Note that for standard R implementations OSR is single threaded but if you install the optional Intel Math Kernel Library (MKL) with MRO, the standard R implementations are replaced with multithreaded versions and could speed up computations. As shown on Figure 2 below the if you connect to a SQL Server database remotely, the data is brought to the local workstation and all the work is done on the local machine.

Figure 2: Showing execution context of standard R implementations.

Listing 1 below shows the R code demonstrating the four steps in the predictive modeling process for this scenario.

Listing 1:

R Code explained

The R code for the four step process is shown in Listing 1 is explained below.

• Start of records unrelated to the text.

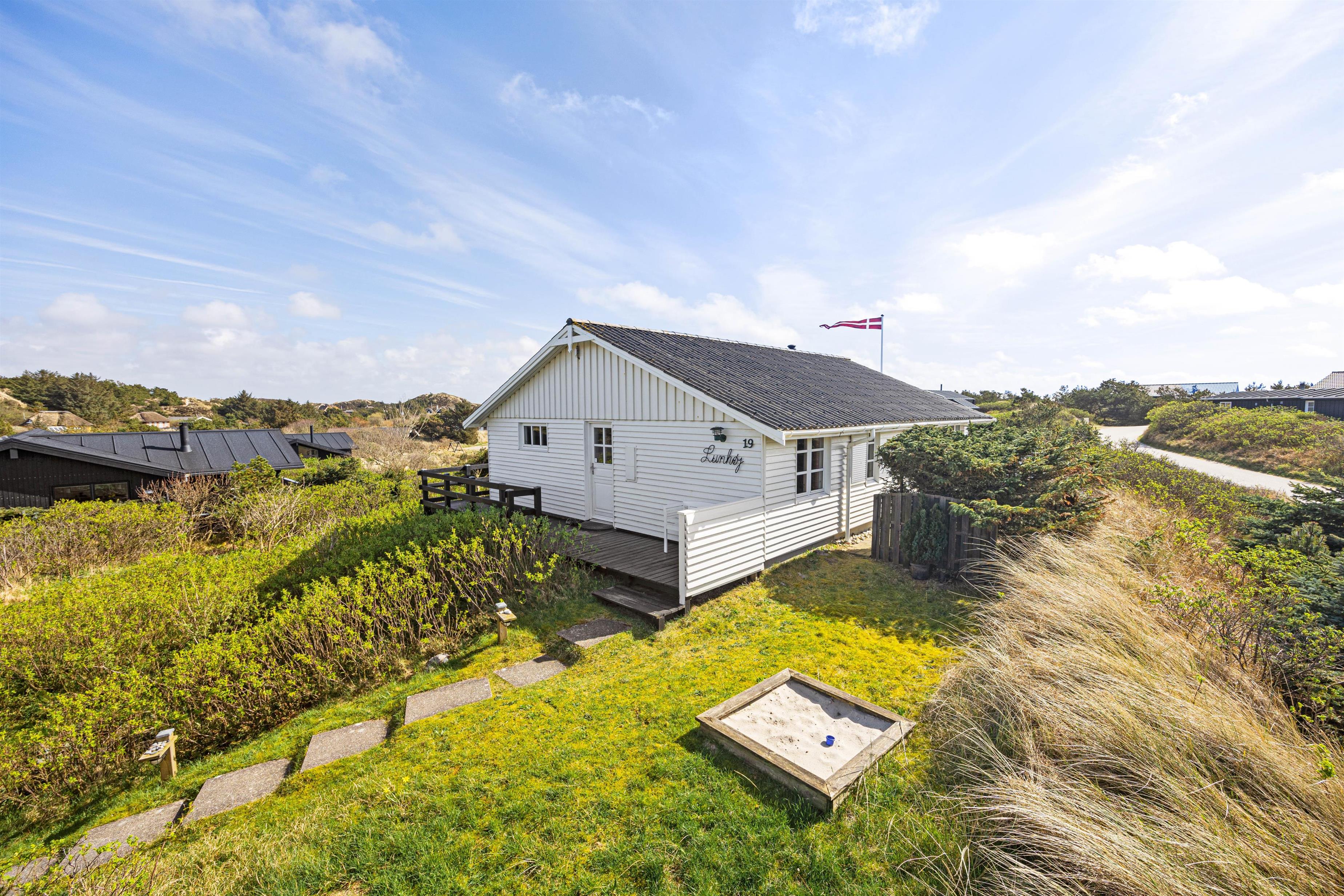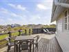 Fra stuen er der adgang til den store åbne træterrasse, hvorfra der er udsigt over klitterne. På den sydvendte terrasse, hvor der oftest er godt med læ, venter der havemøbler og grill.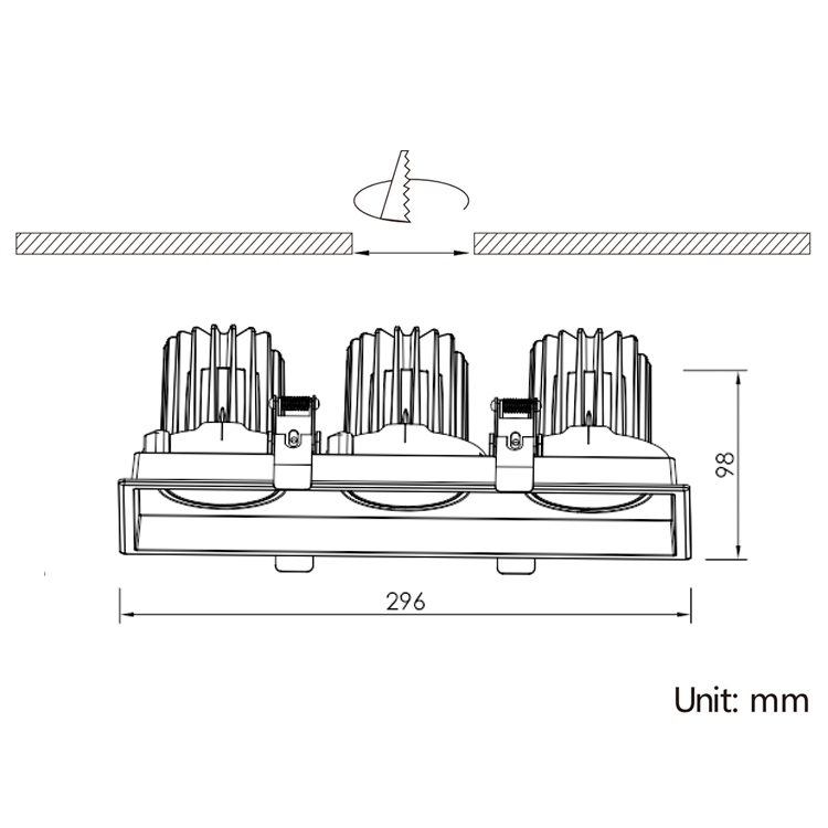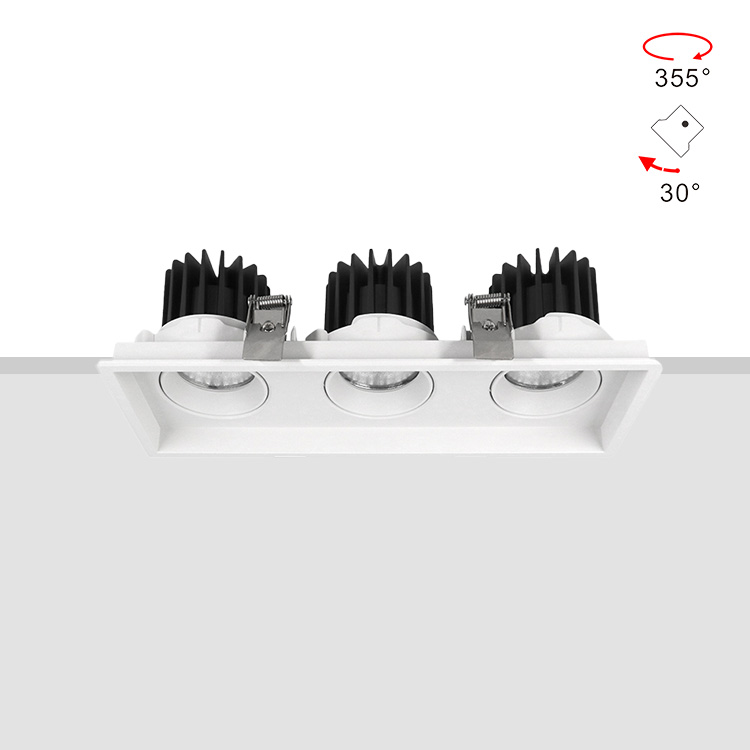 3*15W,Cutout L285×W95mm,Beam15°| 24°|38°|45°|60°,Horizontal 355° + Vertical 30°,IP65,Honeycomb louver Optional,Twin-head Adjustable LED Downlight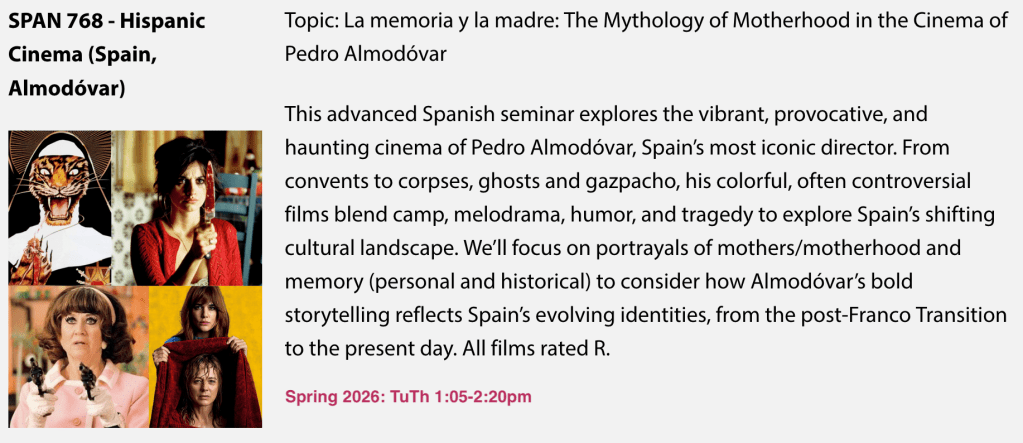 First post of 2026! This year my goal is to return to posting at least once per month (*fingers crossed*). This past August 2025 I returned to my role as Associate Professor of Spanish – and Director of Graduate Studies – after over 2 years as Interim Department Head (July 2022-August 2024), which was followed by a one year, long-awaited and postponed sabbatical (2024-2025). Since the fall, I’ve been enjoying teaching undergraduate classes again, especially my Almodóvar film class this semester, trying to preserve time for research and writing during the week, and continuing to plan and recruit students for this summer’s study abroad program in Spain — which will mark the 6th year (5th in a row!) that I’ll be taking students to Madrid and Pamplona for just over a month.

  • The code initially loads required libraries and functions by calling RRODBC package. A variable with the query string is also defined.
  • The odbcDriverConnect function of RODBC package is used to define a connection to a SQL server database and the sqlQuery function of RODBC package is used to send the query and return data into a R dataFrame on local workstation.
  • In the following step the returned dataset in the Dataframe is splt (70:30 %) into a training and testing sample.
  • Finally, a logistic regression model is fitted to the training data using the glm() algorithm and the training Dataframe.

Advantages

Under this context, standard R implementation enables very fast computations especially where smaller data sets fits in-memory. The Data scientist working on a local workstation also have a lot of control over the environment and the flexibility to apply a lot community R functionality.

Disadvantages

On the other hand the context limits large data computation where data does not fit in-memory. Extraction of data into R locally across networks leads to wasteful data movement and also poses security vulnerability. Operationalization of predictive models under this context may require a lot more work without and also lacks commercial supports as offered by Microsoft R.

Context II: Using ScaleR to enable Parallelization Locally

In this section will demonstrate a scenario where a data scientist will to connect to a SQL Server Database and extracted data into R on a workstation running the R Client (which enables ScaleR on MRO). Even though computations are in-memory like the first scenario, ScaleR enables this execution context to scale to larger datasets because it is able to analyzes data blocks at a time in parallel. ScaleR is also used here to first compress the data significantly which help speed up computations in-memory.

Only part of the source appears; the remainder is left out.